Отчего и происходит изменение в лице.
Именно поэтому военнослужащего всегда хочется наблюдать. Хочется его наблюдать в боевой обстановке, когда он, стиснув зубы, идёт на врага, и ещё при пожаре его хочется наблюдать, когда, выпучив свои очаровательные зенки, он лезет из огня. И в промежутках его хочется наблюдать, тогда — в промежутках — он варит себе макароны где-нибудь в теплушке или на заброшенном КПП, где, впрочем, есть и тепло, и вода — он тут всё починил,— и посреди бетонного пола имеется его коечка с верблюжьим одеялом и канализационный люк — отодвинул его и в журчащий поток с удовольствием справил нужду.
Наш военнослужащий!
В канаве рождён, канавой вспоен, дерьмом вскормлен!
И Родину любит!
Красота-а! Яйца потные!
А вокруг — солнце, как мы уже говорили, кислород, вороны и прочая летающая дребедень, как, например, все те же бакланы, которые криками будят тебя лучше будильника, особенно когда крысу поймают. Схватят её за холку, поднимут вверх и бросят, чтоб разбилась о скалы, а внизу её ещё один баклан подхватит, так и не допустив до скалы, и опять поднимет и так швыранёт, что крыса летит сверху и верещит что-то по-крысиному, может быть: «А-а-а, бля-ди…»
А от импотенции лечились в госпитале.
Там была замечательная операционная сестра Маша — огромная девушка лет тридцати пяти. А у Маши был гюйс, вырванный с клочьями из белой форменки и с обратной стороны Маша палочками отмечала тех, кого ей удалось вылечить от импотенции.
И вы знаете, у нас Геша однажды заболел. А Геша такой интеллигент — дальше некуда. Мы ему: «Геша! Да сходи ты к Маше, она мёртвого поднимет. У них в госпитале даже у забинтованных, без рук, без ног, с обморожением при виде Маши на кончике члена бутоны распускаются».
А Геша — балда узкорылая — нам: «Неудобно»,— а чего неудобного-то, мочёный корень короля Лира, ей же всех нас жалко, у неё же для всех и ласковые слова найдутся, и всё такое. «Бедненькие вы мои,— только так она и говорила — или же: — Чего тебе, родненький?» И у всех после таких слов внутри сейчас же исполняется общепринятый гимн: «Как увижу Валентину, сердце бьётся об штанину».

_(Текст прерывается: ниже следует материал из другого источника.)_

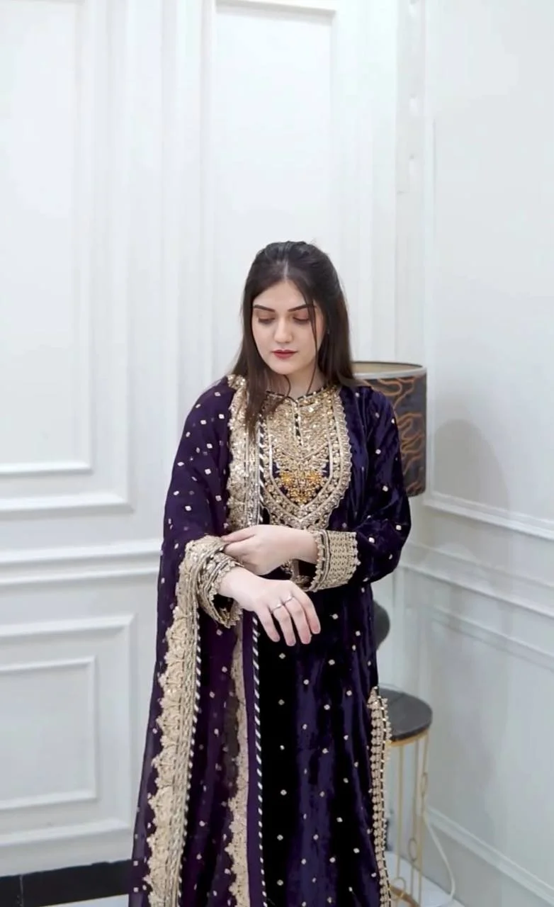 Designer Velvet Embroidery Suit with Matching Velvet Dupatta
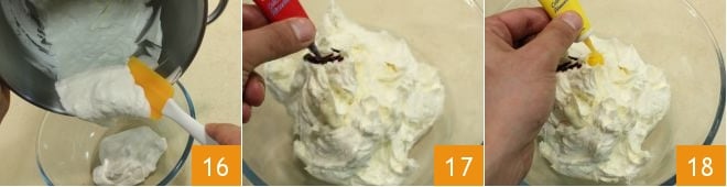 When all the butter is incorporated, transfer the cream to a bowl 16, then add the red food coloring 17 and add the yellow one 18 to achieve a bright yellow color.
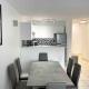 Modern one bedroom apartment in Cannes cuenta con aire acondicionado, 1 dormitorio, sala de estar, cocina equipada con nevera y baño con ducha y secador de pelo. El apartamento el alojamiento dispone de toallas y ropa de cama.
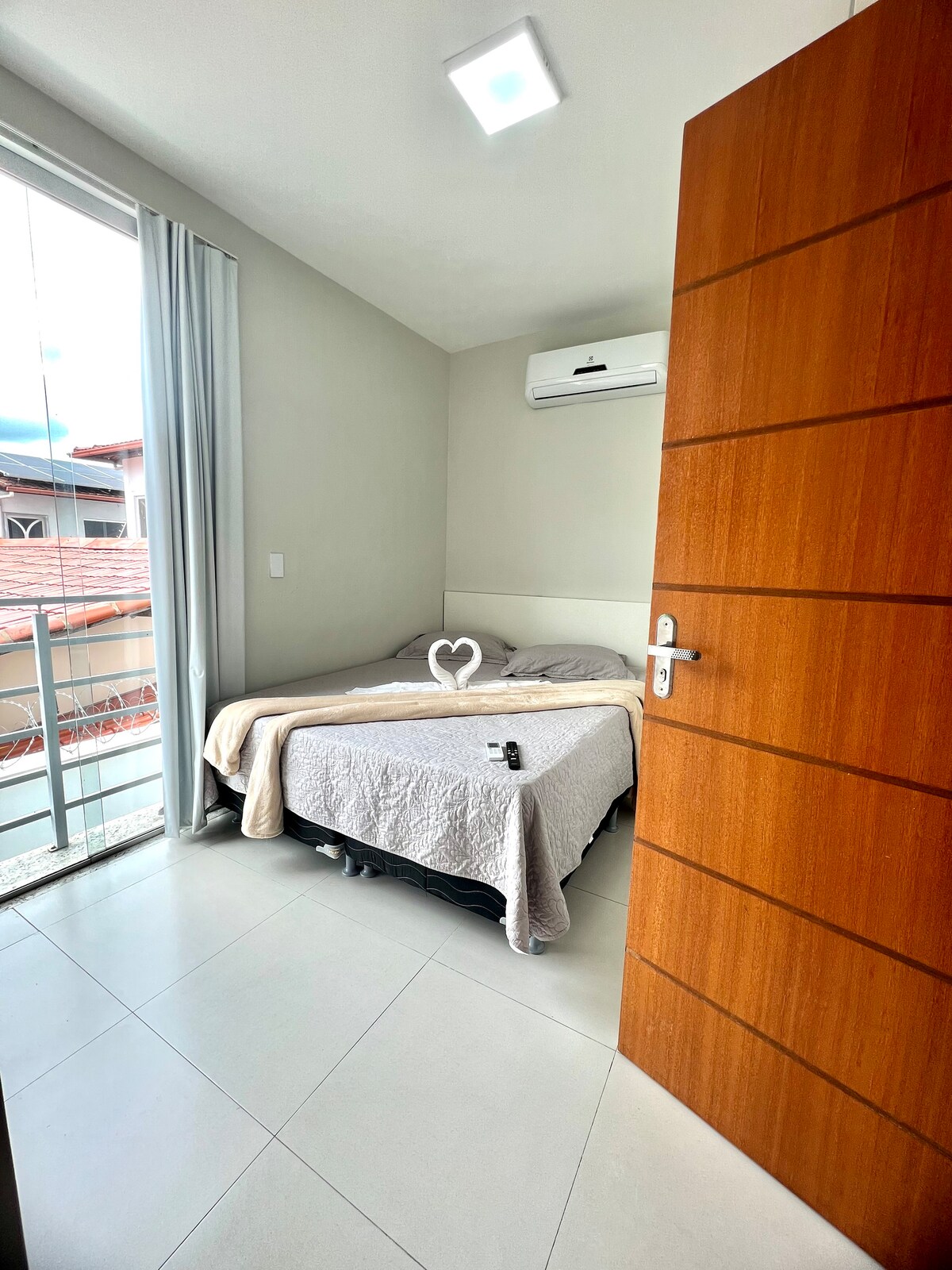 Espaço compacto e elegante, perfeito para quem busca praticidade. Composto por uma suíte completa com ar condicionado, TV de 32", Wi-Fi, cozinha equipada. Fácil acesso ao portão de entrada, à lavanderia e à área de fumantes.

Ну, наконец затолкали мы Гешу к Маше — отвезли его чуть ли не на саночках и впихнули,— а сами ушами влипли в переборку.
А Геша ей: «Не могли бы вы, Маша, положить себе в рот мой… чувствительный сосок?..» Чувствуем, положила. «Не затруднит ли вас, Маша, пройтись губами от середины моей груди и до низа моего же живота?» Чувствуем, не затруднит. «Не будете ли вы столь любезны приласкать моего котёночка?» Всё в порядке, с котёнком разбираются. «Не случится ли такого, что вам вдруг захочется попробовать моего младшенького губами?» Конечно, случится.
Через полтора часа мы изнемогли. А Геша всё — то туда его целуй, то сюда лизни, то там подними, то взамен опусти, а потом потряси, обними, тут проведи, там захвати. Чёрт!
Сейчас войдём — решили мы — и скалкой дадим ему по лбу, может, тогда у него встанет?
И тут — о чудо! — начались охи, вздохи, крики «Маша, я тебя люблю!»
Фу! Выдохнули мы.
Ещё одна ПОБЕДА отечественной медицины!
Ещё один ВОЗВРАЩЕН в строй! И Маша счастлива, и мы все довольны.
Сварили мы тогда ведро подосиновиков, маслицем заправили, лучка не пожалели, перчиком припорошили, уксусом сдобрили, и картошечкой рассыпчатой это дело усугубили, и водочкой из хрустального графина запотевшего по всем рюмочкам прошлись.